Думаю, что Иванов запомнил в докладе Анненского "Поэтические формы современной чувствительности", прочитанном на "башне" 13 октября, вот это место:
"Вяч. Иванов очарователен, высокомерен. <...> В нем есть что-то глубоко наше, русское, необъяснимо, почти волшебно <...>"
А слово "высокомерен" — это у Анненского комплимент, если вспомнить его статью о Леконте де Лиль, написанную и опубликованную незадолго до того.
Уже тогда, сразу после смерти Анненского, слыша и хорошо понимая упрёки, и задолго до исчисления процентов М. Л. Гаспаровым, Иванов назвал его "истолкователем Еврипида" и написал:
"То была его прихоть, в которой никак нельзя усматривать притязательности: в такой мере Анненский заведомо и преднамеренно ограждается от всякого внешнего принудительного канона школы и стиля, так явно и недвусмысленно предпочитает он художественный произвол всякой архаизации и стилизации."
И именно Иванов определил "энергию мастера — любвеобильно излучающуюся силу его великого сердца". Cor Ardens...
И ещё к юбилею Вячеслава Иванова.
С. А. Ауслендер вспоминал: "Стояла весна ожиданий и надежд. Анненский чаровал нас ораторскими разговорами с Вячеславом Ивановым.
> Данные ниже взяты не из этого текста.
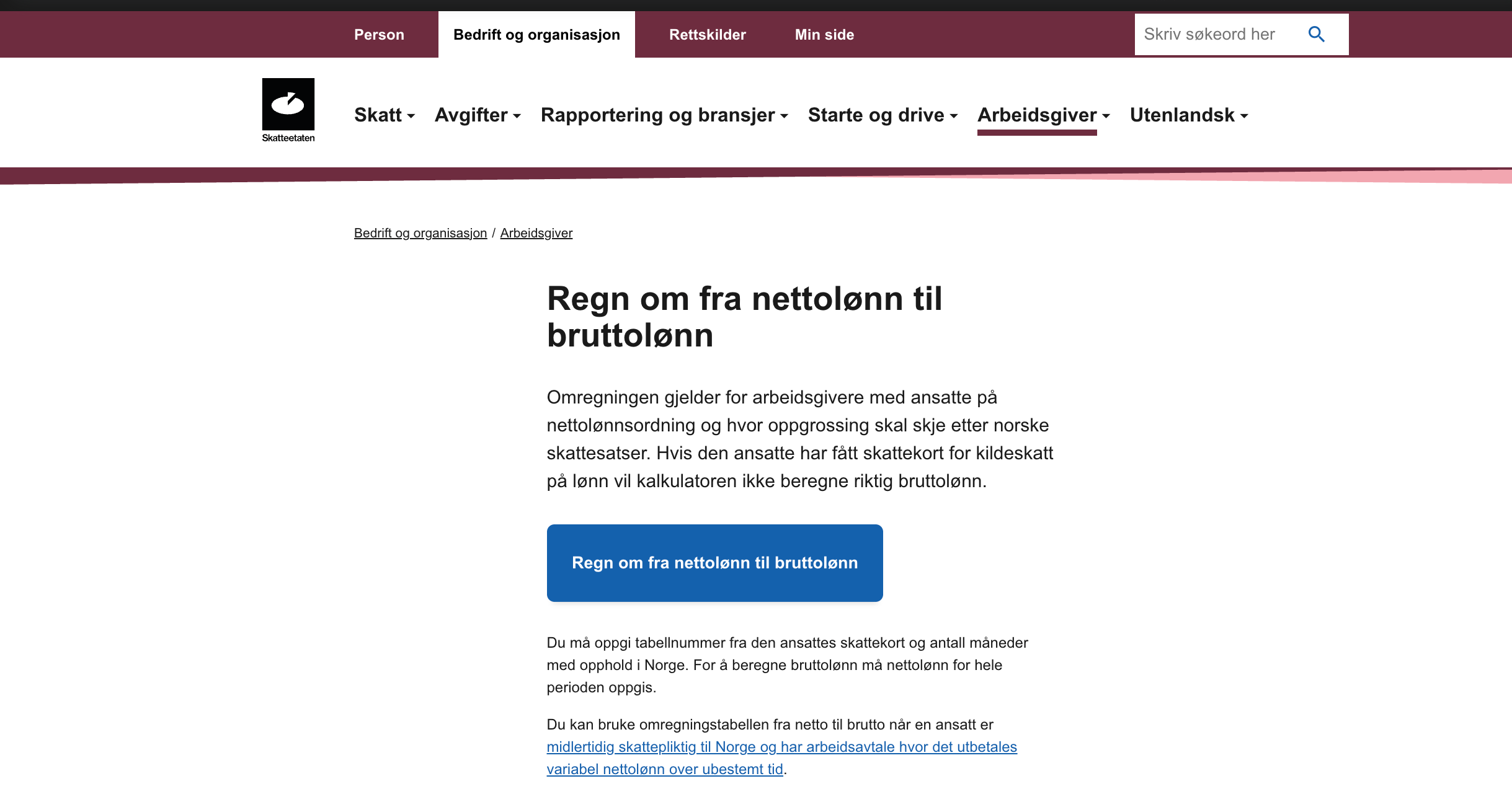 Denne kalkulatoren er levert av Skatteetaten.
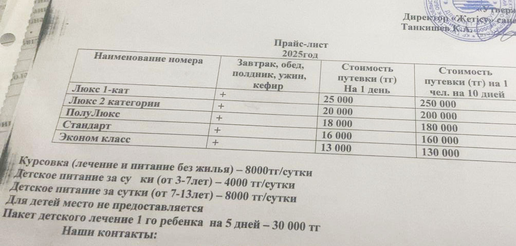 Люкс сынып. Кісі басына тәулігіне 40 000 тг бастап
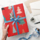 Modern cute Christmas pattern red green trees chic wrapping paper.
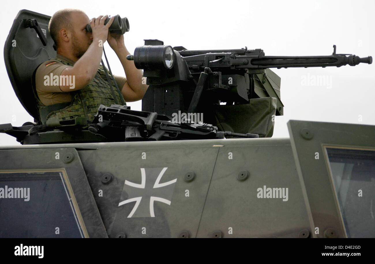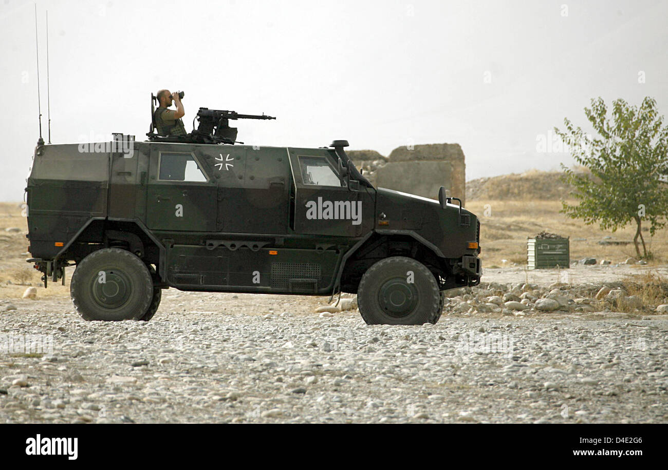 A German Bundeswehr soldier monitors the area around Bundeswehr camp in Feyzabad, Afghanistan

Это было очень интересно." То есть ожидания С. К. Маковского, выраженные в письме Анненскому 20 мая 1909 г., — "я предвижу интересный обмен идей" — полностью оправдались, и Анненский "очаровал" Иванова.
Это был взгляд молодёжи на почтенных "стариков". Они не различали, что Анненский на 10 лет старше Иванова. И нам не легко сейчас это представить, зная, что Иванов был уже тогда, в 1909-м, мэтром русского символизма.
Но было интересно и самому Анненскому, и он пишет Иванову через день после значимой встречи 22 мая в Царском Селе: "Если бы можно было этими строками заменить разговор!" Ему ведь пятьдесят четвёртый год, а он так по юношески увлекается, в первом же письме доверяет Иванову свои сетования на службу и быстро переводит его в формат эпистолы, того вида "стихотворения в прозе", что знаком нам по посланиям его "жёнам-мироносицам". Эти многоточия... Эта жажда высказаться тому, кто "слышит". И это, такое скорое, признание — "я слишком дорого заплатил за оголтелость моего мира".
Мне думается даже, что Анненский разговаривал в письме больше сам с собой. Ведь он сразу увидел несовместимость позиций, которую тактично — но и иронично! — "потопил в чернильнице". Это подтверждает и Евгения Герцык: «Помню, как я единственный раз видела Анненского у В. И. — два мэтра, два поздних александрийца вели изысканнейший диалог — мы кругом молчали: в кружево такой беседы не вставишь простого слова. Но Анненский за александризмом расслышал другое: высокий, застегнутый на все пуговицы, внешне чиновный, он с раздражением, подергиваясь одной стороной лица, сказал: "Но с вами же нельзя говорить, Вячеслав Иванович, вы со всех сторон обставлены святынями, к которым не подступись!"»
В этой фразе и выразилась "оголтелость" его мира, которым он так дорожил. И это был гораздо более земной, близкий нам мир. Как будто. "Будто мы пришли из разных миров?"